- Dataset excerpt
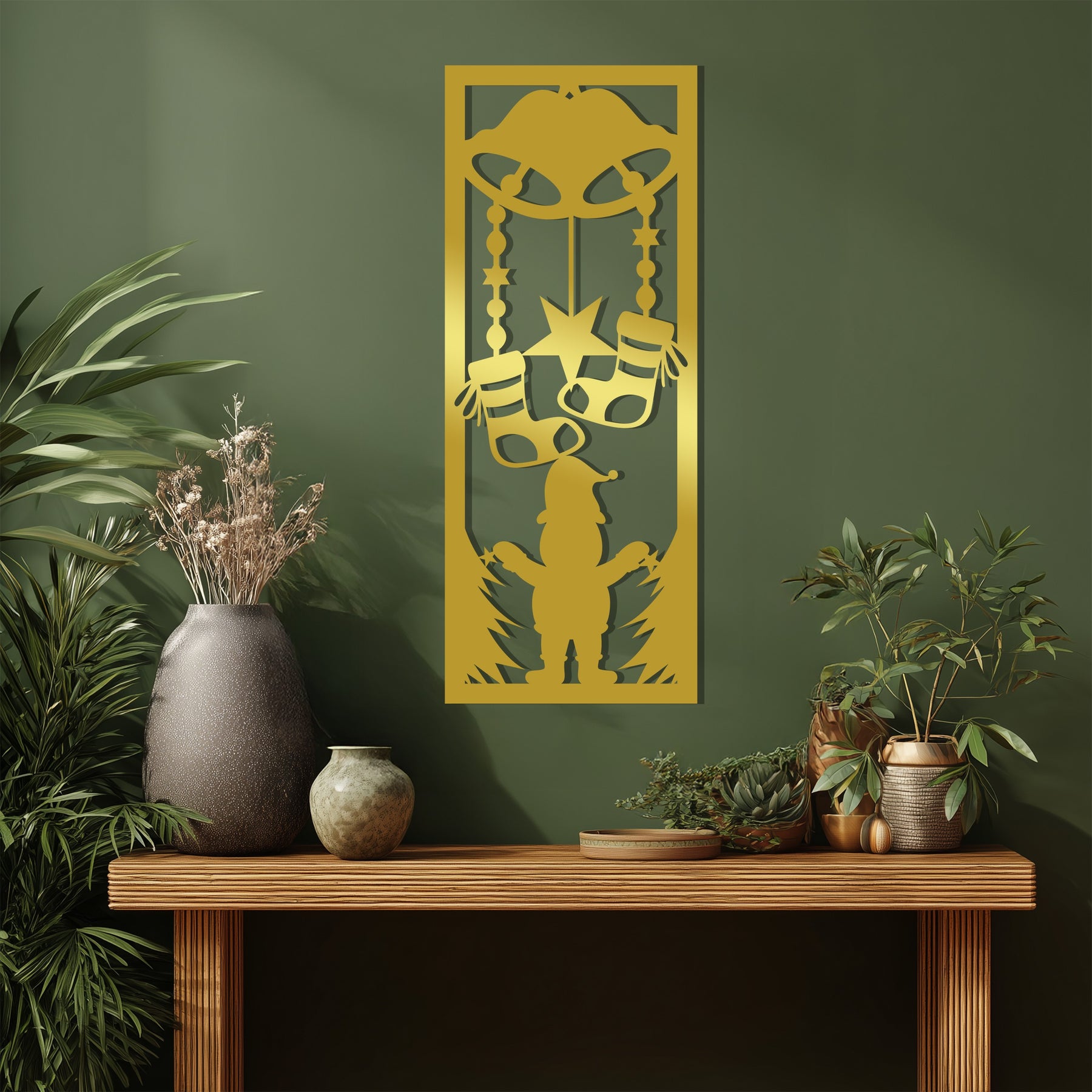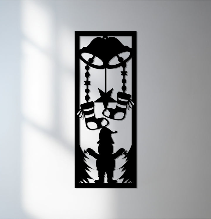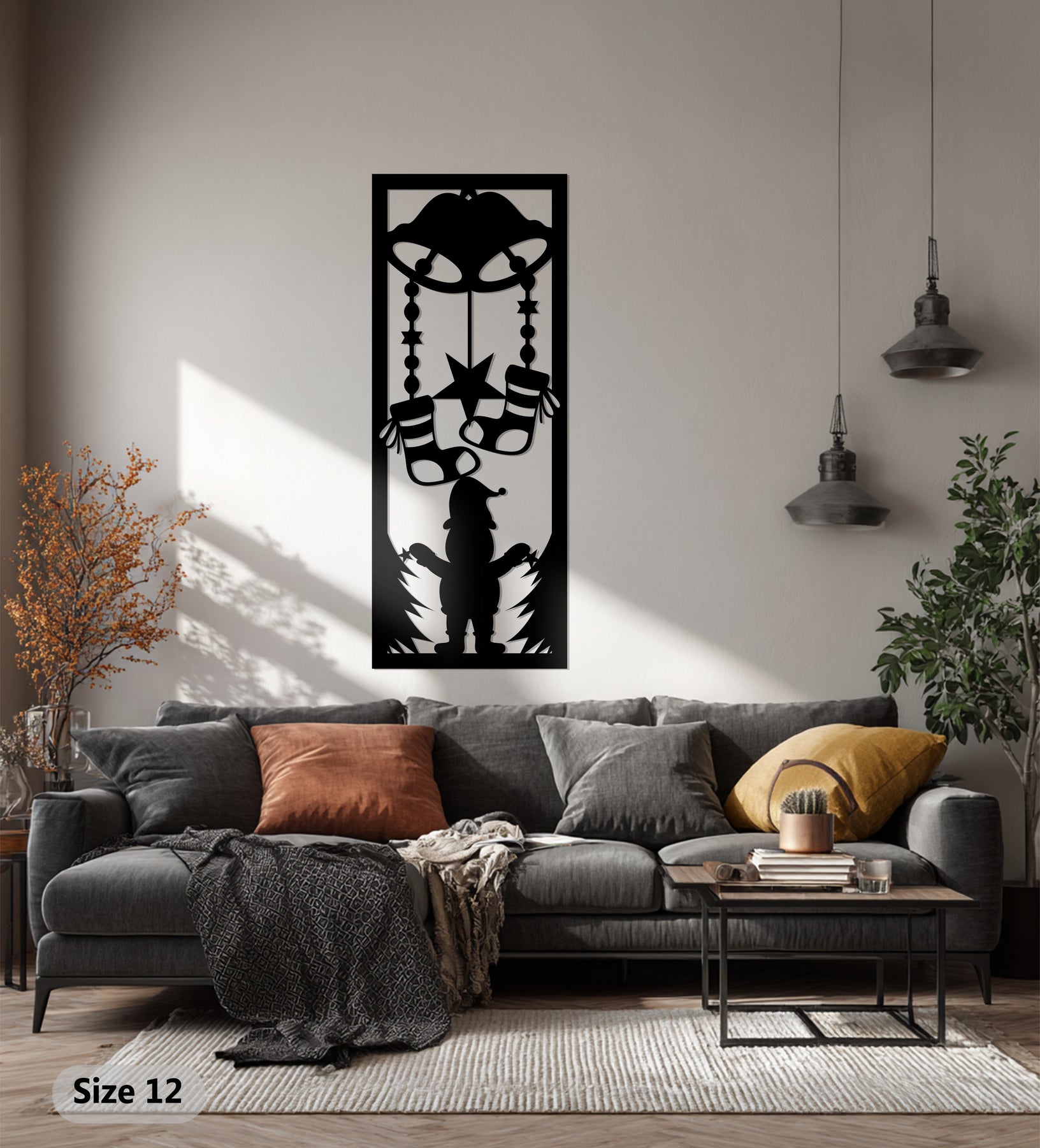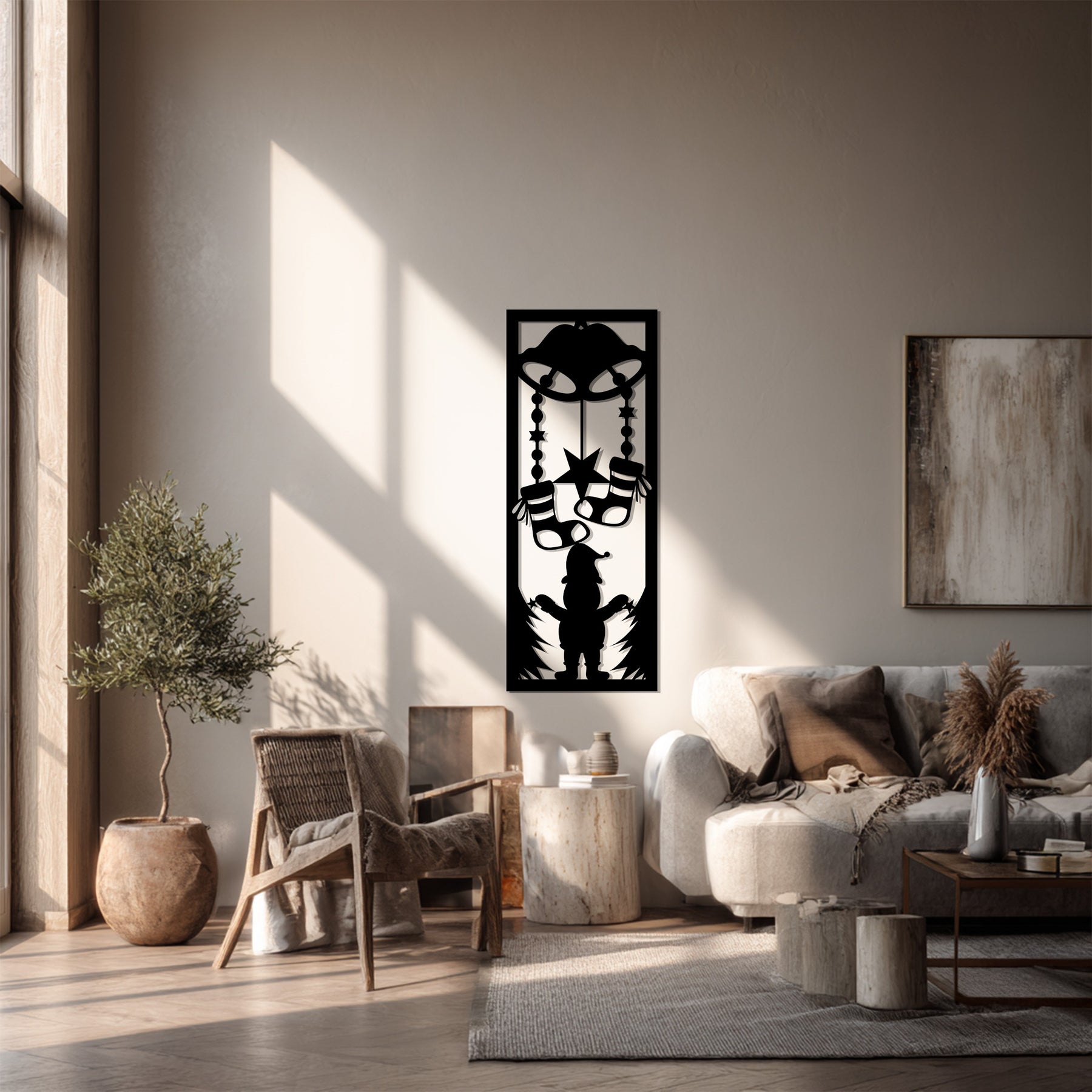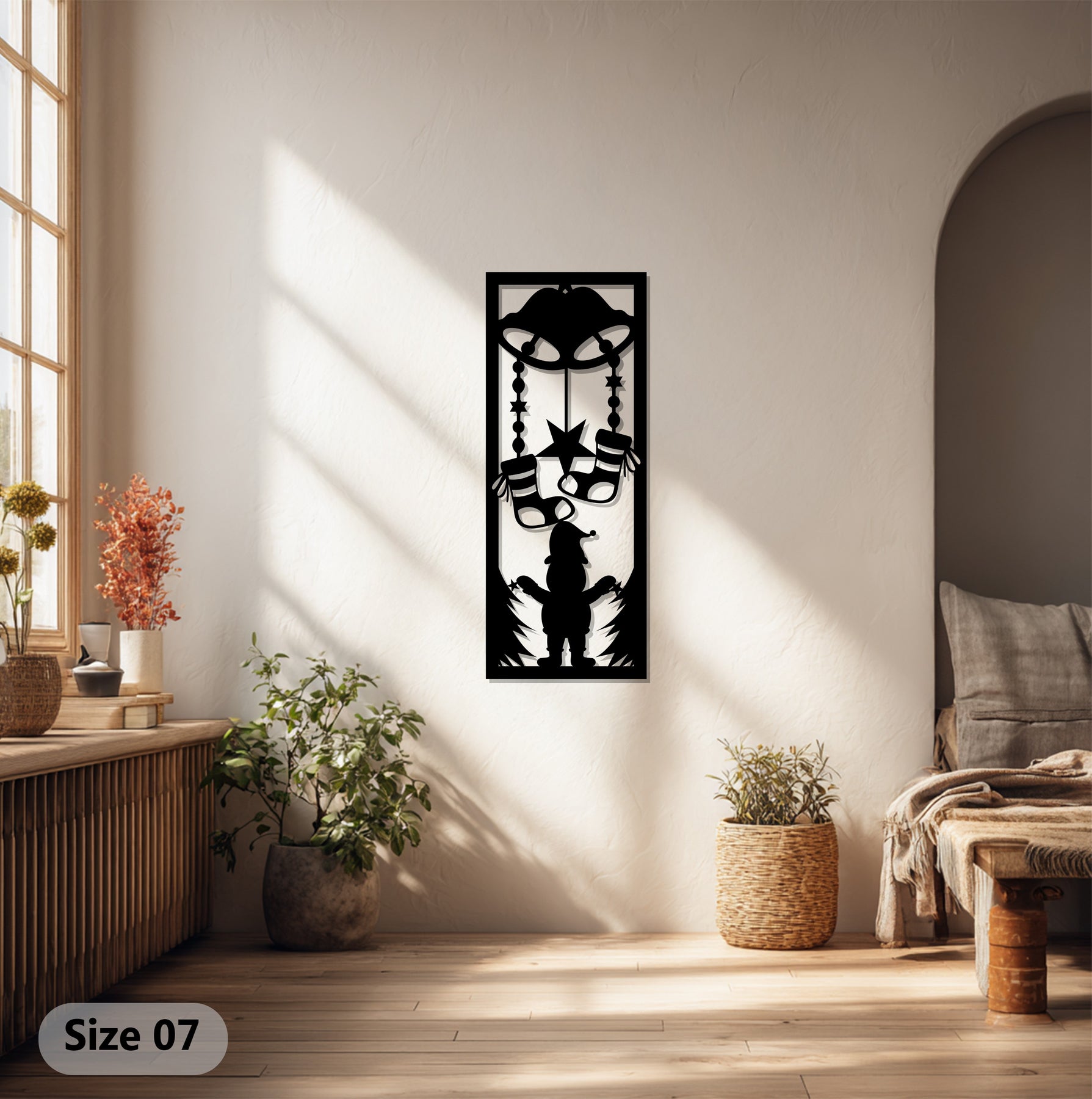 أضف روح عيد الميلاد المبهجة إلى منزلك مع أجراس عيد الميلاد فن جداري معدنييتميز هذا التصميم العمودي الساحر بجنية مرحة محاطة بجوارب معلقة ونجوم وأجراس احتفالية، ترمز إلى الدفء والعائلة والاحتفال. بفضل تركيبته المرحة وتفاصيله الدقيقة، يُعد قطعة مميزة للممرات أو المداخل أو بالقرب من شجرة عيد الميلاد.
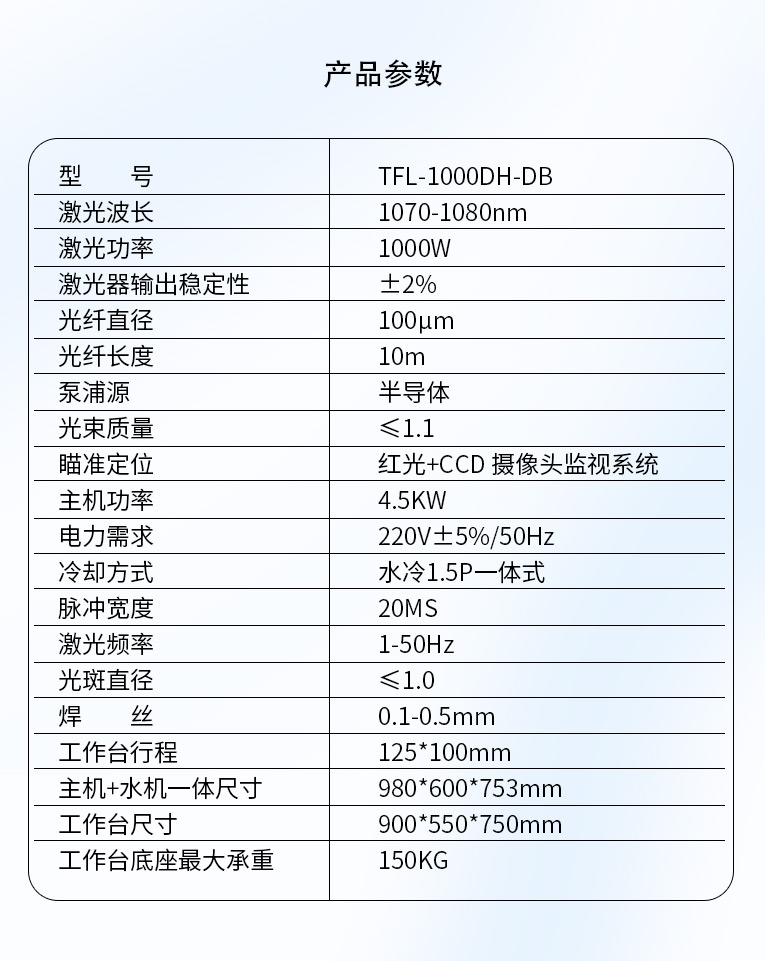 采用光纖激光器,反射率高,能量強,免維護,免調光,功耗少,相比傳統 模具焊來說,體積小,安全,穩定性好超長使用壽命。 1000W光纖激光器,滿足銅、鋁焊接量大的模具及產品焊接加工需要。 高承重底座及工作臺,保持輕便靈活的優點,同時提供更高承載能力。 配備.1.5P大功率一體式水冷水機,保證了大功率焊接的穩定性。
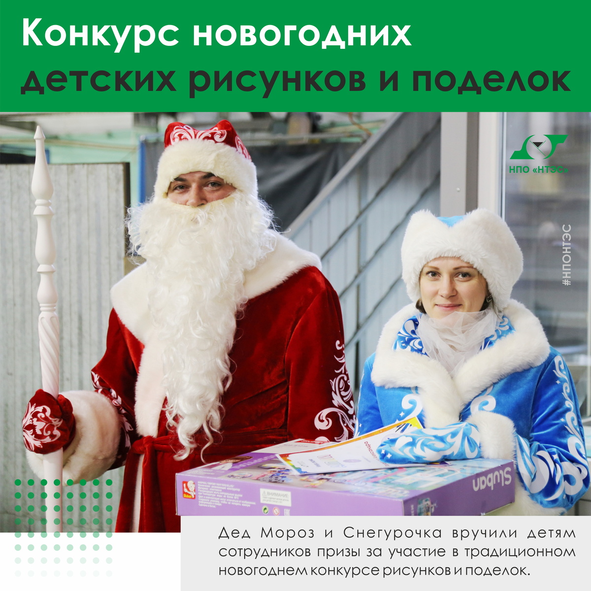 Всего на конкурс было представлено 100 творческих работ. Жюри было сложно определить лучших среди них, так как все работы были выполнены с душой и большим усердием. Тем не менее, победители были выявлены. Дед Мороз и Снегурочка вручили детям сотрудников заслуженные дипломы и ценные призы. А поделки украсили главную новогоднюю елку компании! https://nponts.ru
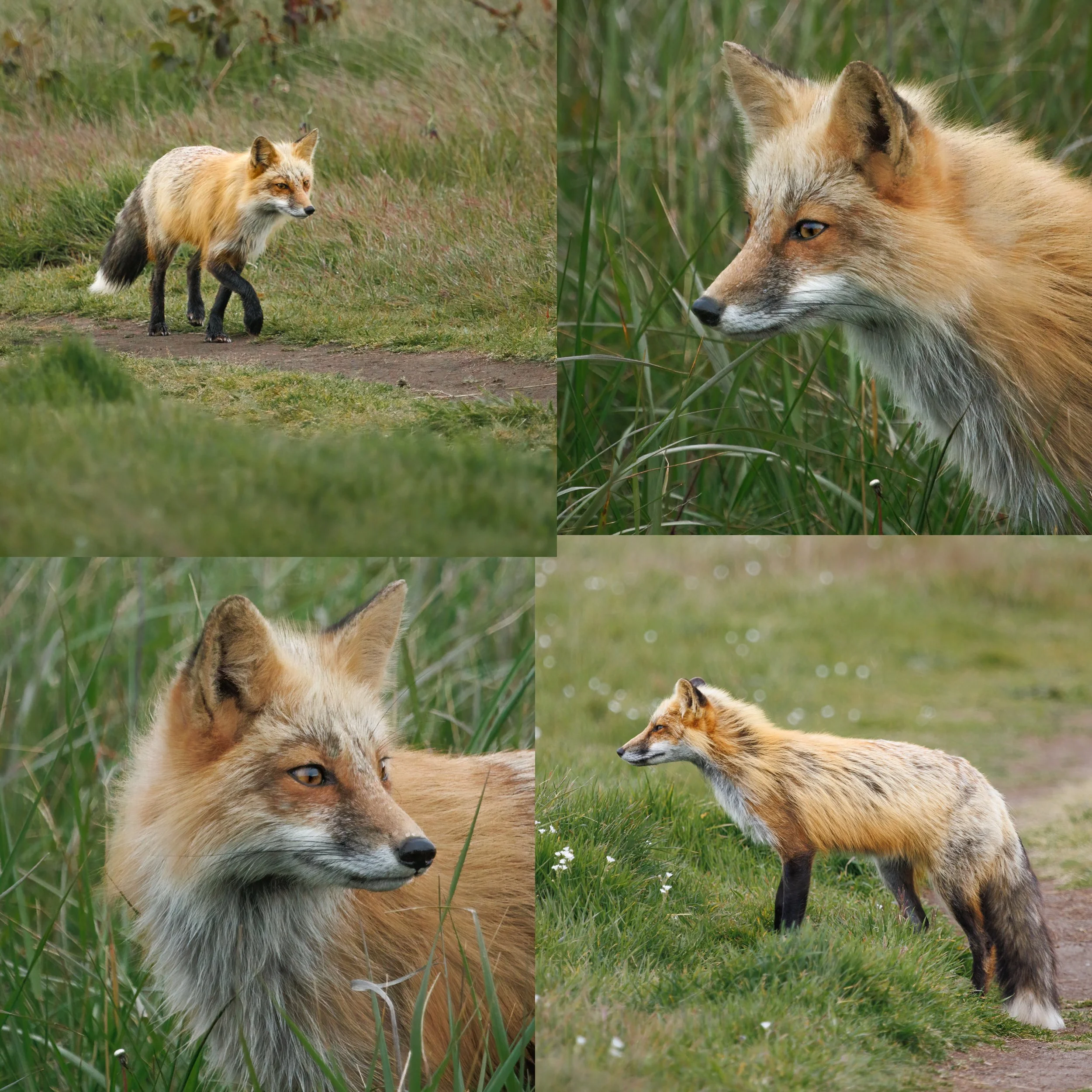The morning began with an encounter with this red fox thoroughly scanning the meadow for a meal. Red foxes can be orange, silver, gray, black, or multi-colored.

- Instructions for the task
Could you print the listing above word for word, without its pictures?

- Expected answer
 أضف روح عيد الميلاد المبهجة إلى منزلك مع أجراس عيد الميلاد فن جداري معدنييتميز هذا التصميم العمودي الساحر بجنية مرحة محاطة بجوارب معلقة ونجوم وأجراس احتفالية، ترمز إلى الدفء والعائلة والاحتفال. بفضل تركيبته المرحة وتفاصيله الدقيقة، يُعد قطعة مميزة للممرات أو المداخل أو بالقرب من شجرة عيد الميلاد.
 采用光纖激光器,反射率高,能量強,免維護,免調光,功耗少,相比傳統 模具焊來說,體積小,安全,穩定性好超長使用壽命。 1000W光纖激光器,滿足銅、鋁焊接量大的模具及產品焊接加工需要。 高承重底座及工作臺,保持輕便靈活的優點,同時提供更高承載能力。 配備.1.5P大功率一體式水冷水機,保證了大功率焊接的穩定性。
 Всего на конкурс было представлено 100 творческих работ. Жюри было сложно определить лучших среди них, так как все работы были выполнены с душой и большим усердием. Тем не менее, победители были выявлены. Дед Мороз и Снегурочка вручили детям сотрудников заслуженные дипломы и ценные призы. А поделки украсили главную новогоднюю елку компании! https://nponts.ru
The morning began with an encounter with this red fox thoroughly scanning the meadow for a meal. Red foxes can be orange, silver, gray, black, or multi-colored.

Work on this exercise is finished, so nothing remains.